By Peter M. Duncan
Founder & Co-Chairman
That all sounds pretty neat, but how do we judge “better”? In the past we have used such things as number of events or the areal or volumetric extent of the microseismic cloud as a measure of success, but of course the real measure of success is “more hydrocarbons for less dollars”. So I believe that we need to be able to predict production from the microseismic data, and we need the ability to predict how changing the treatment parameters will change that production so that we can prescribe the best set of parameters or at least demonstrate the sensitivity of the production to various treatment options.
At MSI we have been working on just such a workflow and have actually gotten to the point where we can estimate production from a model solely derived from the microseismic data. This workflow involves building a discrete fracture network (DFN) model from the microseismic event set, estimating what portion of the DFN gets propp’ed, estimating the permeability of frac’ed system by calibrating the model with historical production. Recently we built such a model from one well of a 4 well set and then successfully predicted the production on the 3 other wells on the same pad. Such a “blind test” is exactly the validation we need to establish the credibility of microseismic data in general and this workflow in particular.
The next step is to be able to predict how changing treatment parameters will change how the rocks respond. A simple way to do this is to calibrate the rock properties of a 2-D frac model with the microseismic data. That is, we adjust the rock properties until the modeled treatment overlays the microseismic cloud. Then we can run the calibrated model with new treatment options and catalogue the results. However, we, and most other people, recognize the shortcomings of the 2-D models for unconventional reservoir rocks. New, more geomechanically sophisticated models of fracturing are starting to be available. These too require some sort of local rock and stress property calibration.
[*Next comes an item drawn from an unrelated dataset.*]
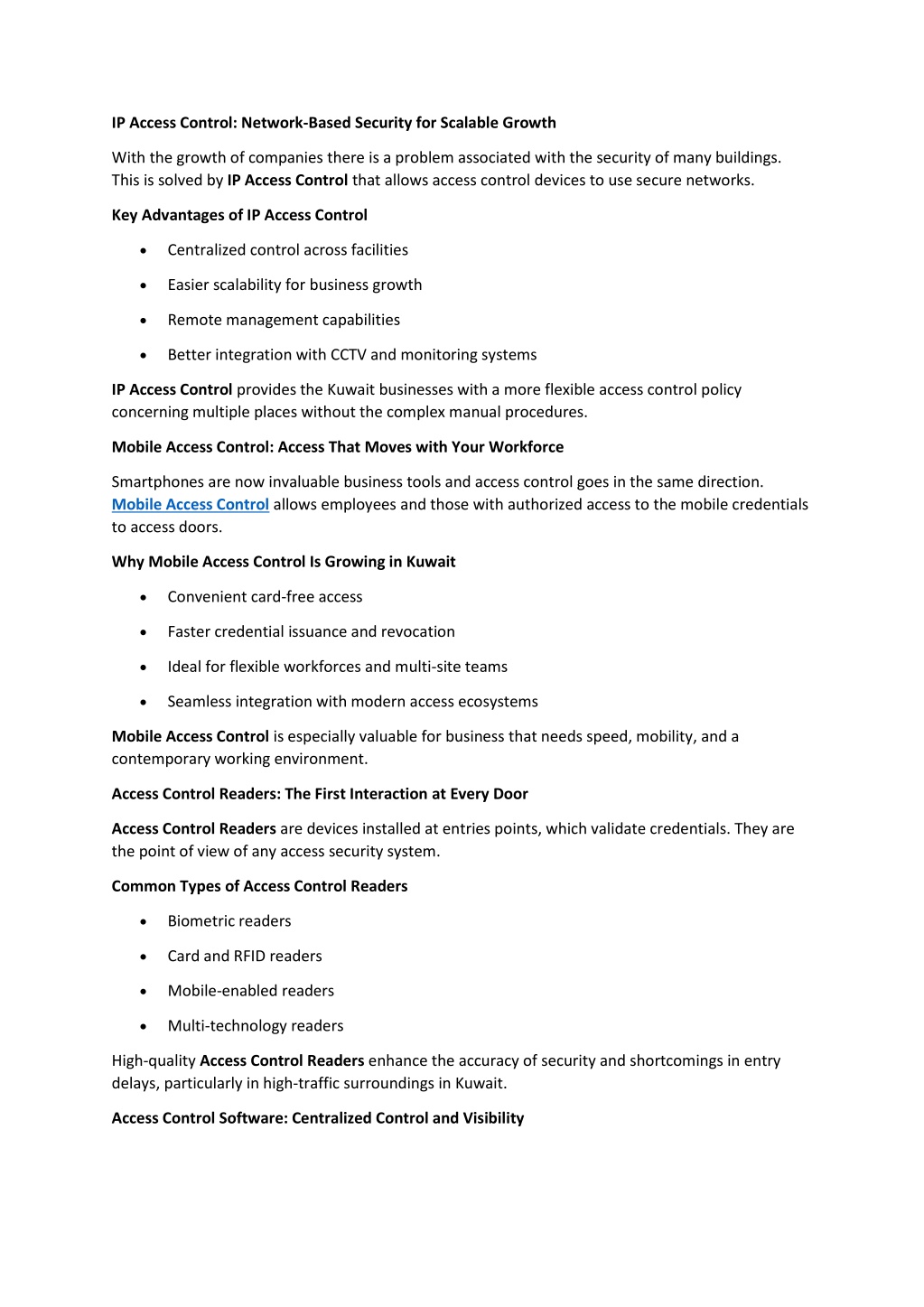 IP Access Control: Network-Based Security for Scalable Growth With the growth of companies there is a problem associated with the security of many buildings. This is solved by IP Access Control that allows access control devices to use secure networks. Key Advantages of IP Access Control • Centralized control across facilities • Easier scalability for business growth • Remote management capabilities • Better integration with CCTV and monitoring systems IP Access Control provides the Kuwait businesses with a more flexible access control policy concerning multiple places without the complex manual procedures. Mobile Access Control: Access That Moves with Your Workforce Smartphones are now invaluable business tools and access control goes in the same direction. Mobile Access Control allows employees and those with authorized access to the mobile credentials to access doors. Why Mobile Access Control Is Growing in Kuwait • Convenient card-free access • Faster credential issuance and revocation • Ideal for flexible workforces and multi-site teams • Seamless integration with modern access ecosystems Mobile Access Control is especially valuable for business that needs speed, mobility, and a contemporary working environment. Access Control Readers: The First Interaction at Every Door Access Control Readers are devices installed at entries points, which validate credentials. They are the point of view of any access security system. Common Types of Access Control Readers • Biometric readers • Card and RFID readers • Mobile-enabled readers • Multi-technology readers High-quality Access Control Readers enhance the accuracy of security and shortcomings in entry delays, particularly in high-traffic surroundings in Kuwait. Access Control Software: Centralized Control and Visibility

We are approaching such a calibration by searching for the range of parameters that causes the more complex model to match what the microseismic monitoring data observed at the treatment well. We can test the validity of the predicted DFN by doing a blind test like the one that validated the production prediction, but this time we will test the predicted DFN with the one actually observed at other wells nearby the calibration well. Once we are satisfied with the calibration, we permute the treatment parameters and catalogue how the stochastic model responds. The DFN model that results is submitted to a reservoir simulator and the production differences for different treatment options can be estimated. It’s early days for this workflow but the initial results are encouraging.
In the meantime we have made a huge step forward on getting a more useful and believable analysis product out of microseismic monitoring, namely an estimate of production, and we have moved a little closer to that vision of a world where every frac is monitored.